しかし、デスクに置かれた神永からのUSBを見つけ、再び希望を取り戻す。
「滝、後をよろしく。」
彼を信頼しての神永からのメッセージだった。希望が見えて熱いものが込み上げたのか、瞬きをせずに画面を見つめていたからかはわからないが、彼の瞳に僅かに涙が滲んだ。

ここの有岡くんの演技がとんでもなかった…。

真っ暗だった眼に再び光が宿り、そこから再起する。神永が託した関係式からゼットンを倒す方法を導き出し、結果地球を救ったのだ。
ストゼロを呷った夜からラストシーンまで滝の服装が変わらなかったことや、部屋にあった寝袋、パンパンのゴミ袋から、彼も命を燃やして懸命に戦ったのだなと…。
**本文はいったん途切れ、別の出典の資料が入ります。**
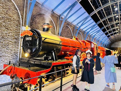 在電影中,作為魔法世界的入口,學生們推著手推車穿過國王十字車站的9又3/4站台, 月台上停靠著前往霍格沃茨的特快火車。設施中也會重現這個經典場景,讓客人感受到其規模之大。當中展示的霍格沃茨特快列車是一輛在1929年製造、曾在英國運行的蒸汽火車,改裝過並運抵日本。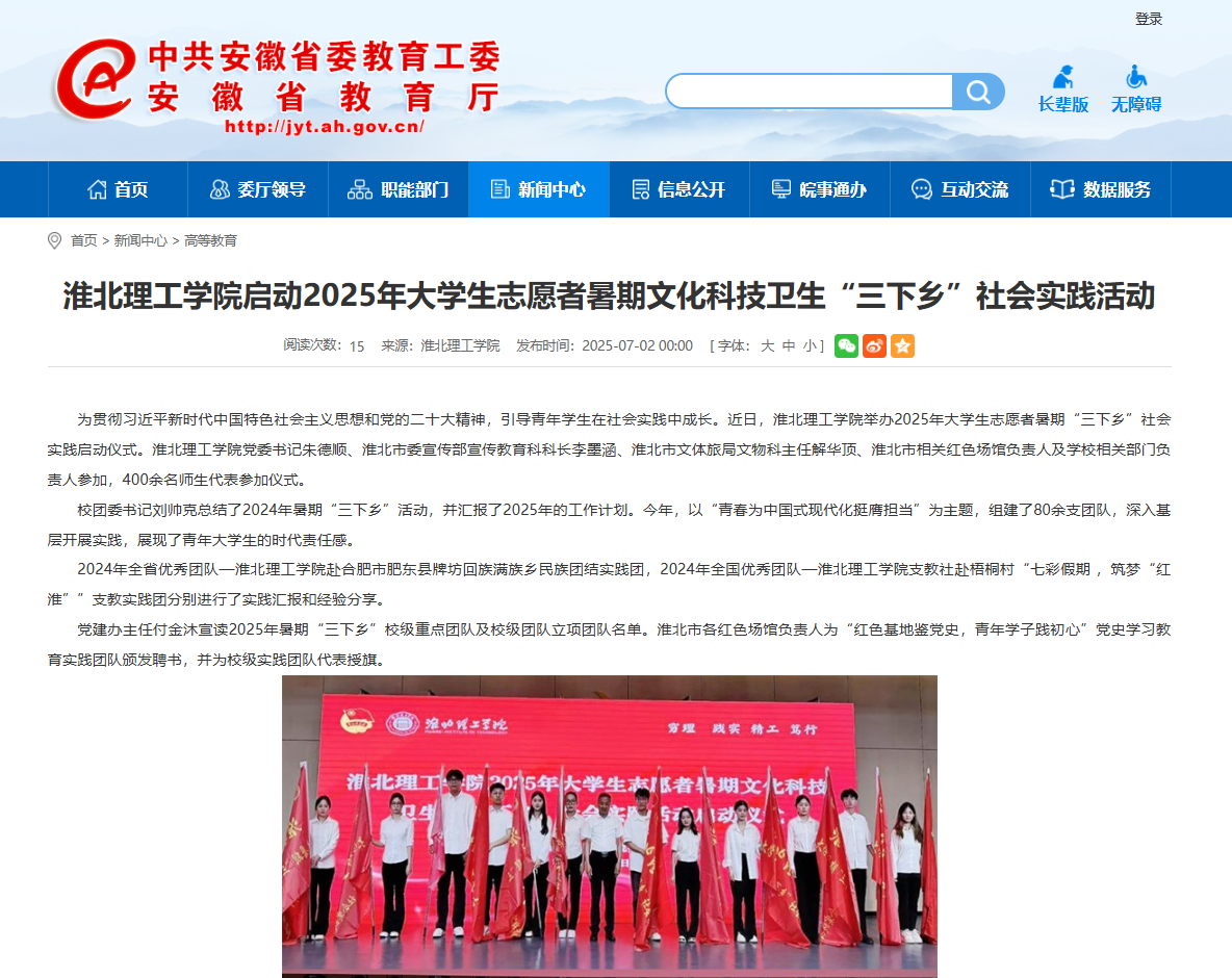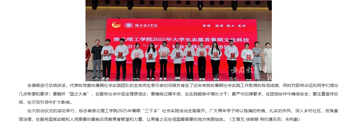 为贯彻习近平新时代中国特色社会主义思想和党的二十大精神,引导青年学生在社会实践中成长。近日,诸侯快讯入口官网举办2025年大学生志愿者暑期“三下乡”社会实践启动仪式。诸侯快讯入口官网党委书记朱德顺、淮北市委宣传部宣传教育科科长李墨涵、淮北市文体旅局文物科主任解华顶、淮北市相关红色场馆负责人及学校相关部门负责人参加,400余名师生代表参加仪式。对此,安徽教育网进行了报道: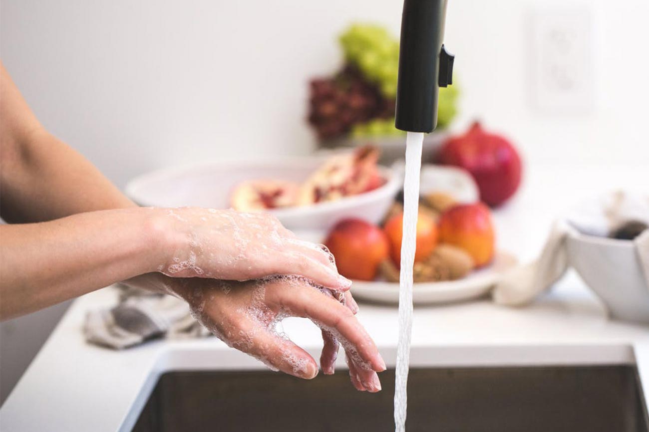 Clean your hands before touching or eating food. Clean them after you use the bathroom, take out the trash, change a diaper, visit someone who is ill, or play with a pet.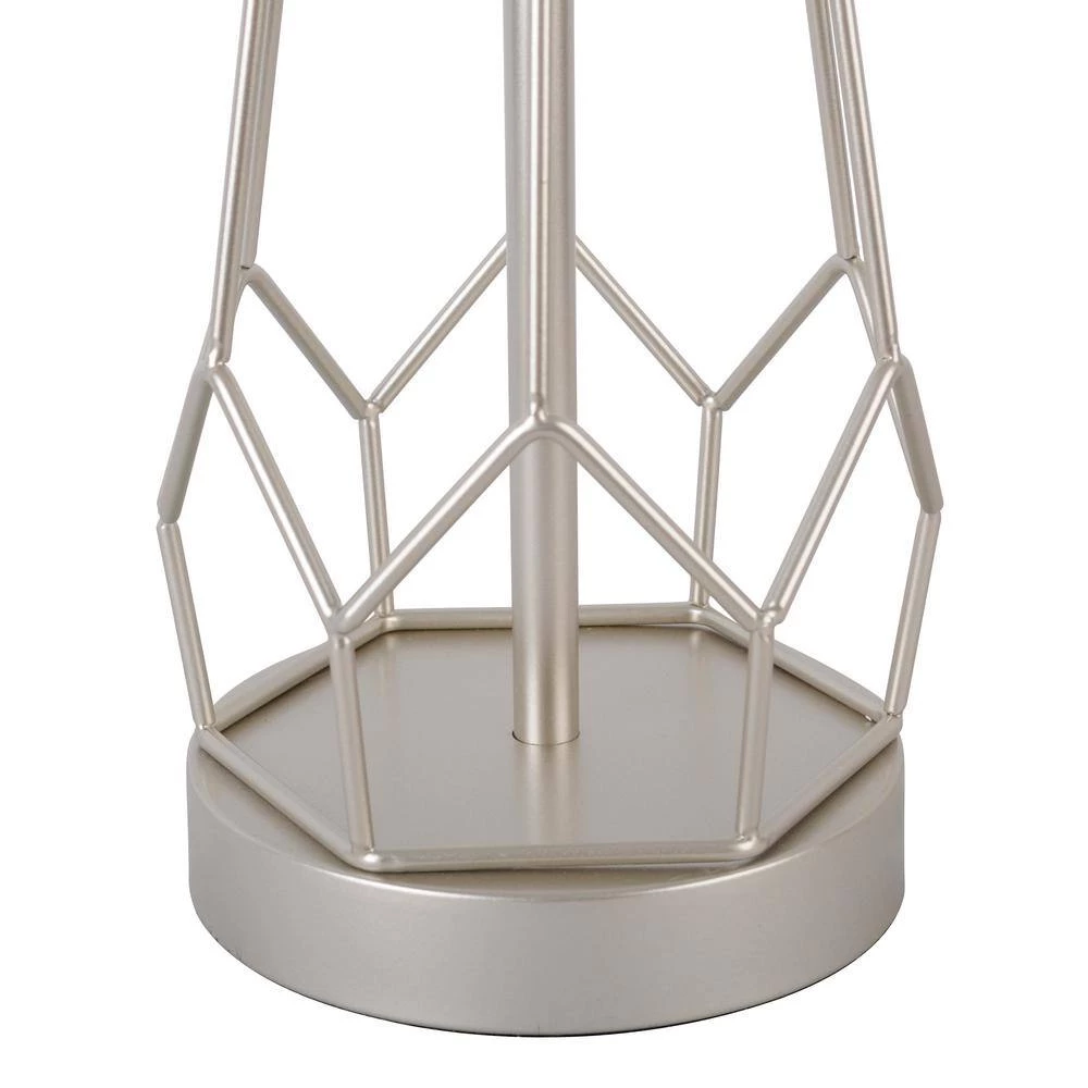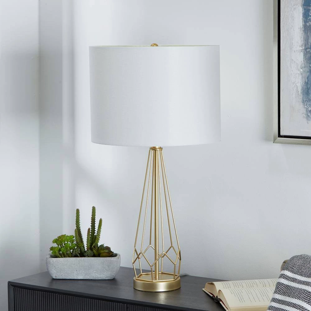 Keep your home open and airy with the Tinsley Gold Painted Geo Metal Wire Table Lamp. Painted in a lushious gold finish with a metal geo wire designed base. the Tinsley offers tons of style without overcrowding your decor. Place it in your bedroom for nighttime leisure activities or in your living area to create an ambience of peace and tranquility. The 3 way switch with the use of an 100-Watt bulb, not included, makes the desired atmospheric effect an enjoyable pleasure as you’re able to adjust the lighting to fit your needs. Constructed of metal and measures 26.25 in. H x 14 in. W x 14 in. D.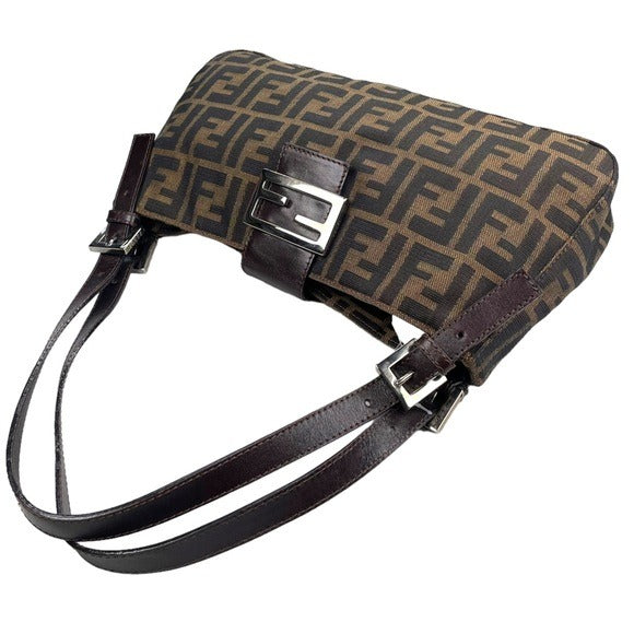 Fendi Zucca Dual Handle Shoulder Baguette Leather Canvas Purse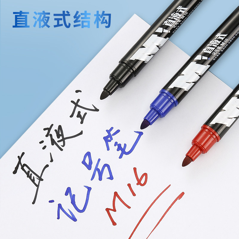 Morning light stationery note pen straight liquid type large capacity red blue black color pen round head single-head plug-in-line pen delivery logistics office business notes smooth wear and wear marker pen-Taobao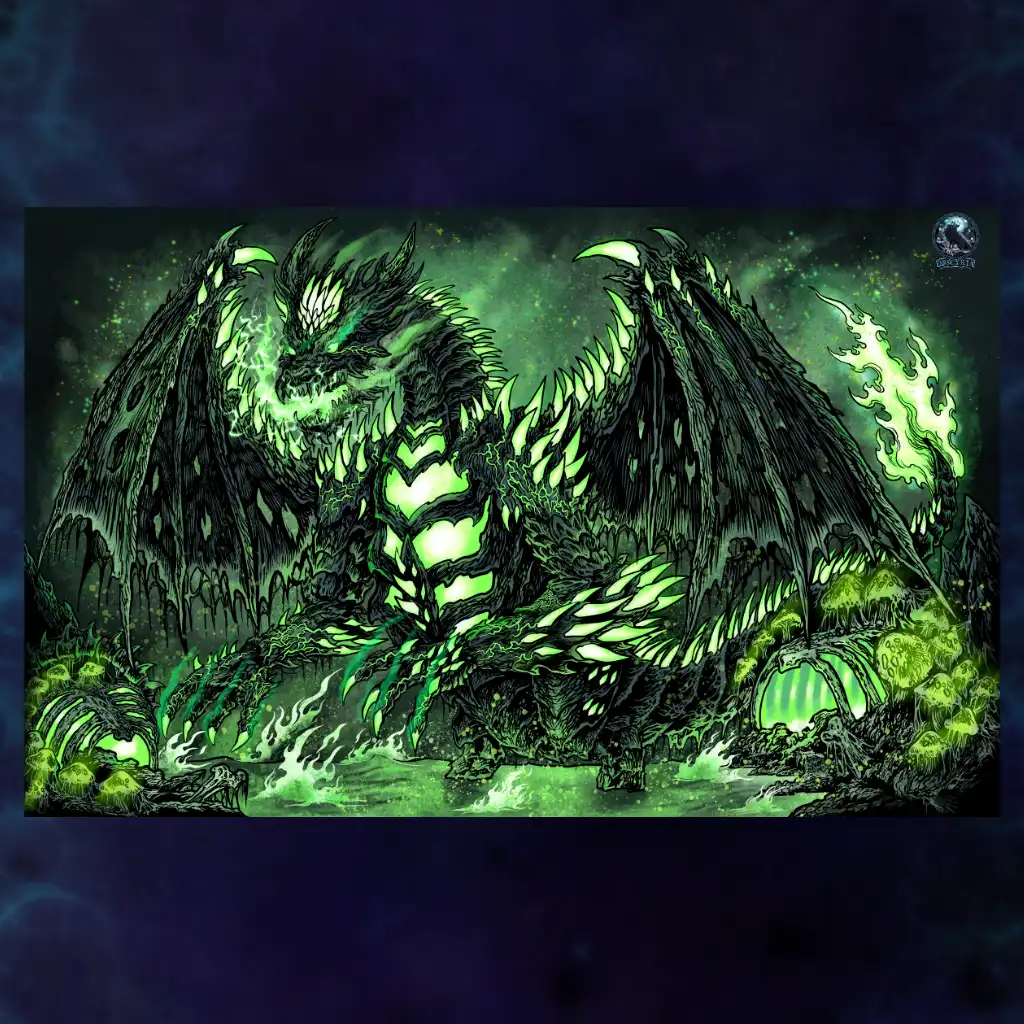 Veredelt mit UV-Lack beginnt sein Essenzkern im Licht zu pulsieren. Das giftige Leuchten tritt hervor, als würde der Morast selbst durch das Papier sickern.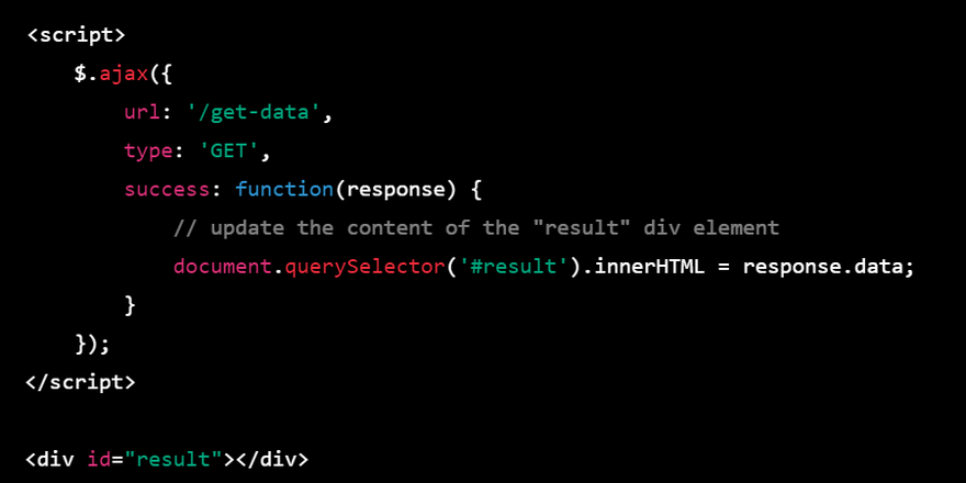 In the above code, the jQuery AJAX method is used to send a GET request to the "/get-data" URL. When the server responds with data, the success function is called, and the content of the "result" div element is updated with the data using the Query Selector method.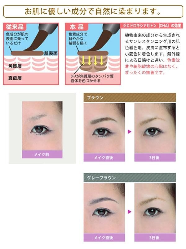 素肌に眉を描くだけで約5~6時間かけて色が肌に自然と定着していき、3日~1週間ほど眉をキープします。汗や水、皮脂に強く温泉やスポーツをしてもしっかりと眉の形が残り化粧直しの必要もありません。植物由来の成分を配合し、無香料・無鉱物油の肌に優しい配合です。グレーブラウンとブラウンの2色からお選びいただけます。 |

有岡くんが課されて覚えた宿題でもある『全宇宙を支配する数式』をホワイトボードに書き殴るシーンはまーじでかっこよかった。
人間の脆さ、そしてしぶとさを描く、その役割を担う滝を演じた有岡くんにスタンディングオベーション

 


✍滝くんの瞳

斬新なカメラワークも見どころの今作。登場人物の細かな表情の動きも映し出されている中、何度も出てくる滝の瞳に釘付けでした。
序盤、初めてウルトラマンを目の当たりにした時の眼。彼の中で理解できない事が次々に起こり、興奮と戸惑いと焦燥感でコンタクトが見えるほどガン開かれたその眼を見た時、勝ちを確信しました。(?)

メフィラスのベーターボックスを前に「すげぇ…」とワクワクする瞳も、自分たちでは敵わない技術力に打ちのめされていく瞳も、勝てないと頭では理解しているが悔しさを隠しきれない瞳も、自分のやってきた事は全て無駄だと投げ出しお酒に逃げる乾いた瞳も、希望を取り戻し再び光を宿す潤んだ瞳も…。台詞がなくとも苦しいほどに伝わってくる滝の感情、それらを表情の演技で魅せた有岡くん、最高にかっこいいです。


そこには滝明久が生きていた。


"瞳で演じる"有岡大貴。この役は、滝明久はきっと彼にしか務まらなかった。シン・ウルトラマンを見た人全ての心に、彼の表情が、声が、勇姿が刻まれたのではないでしょうか。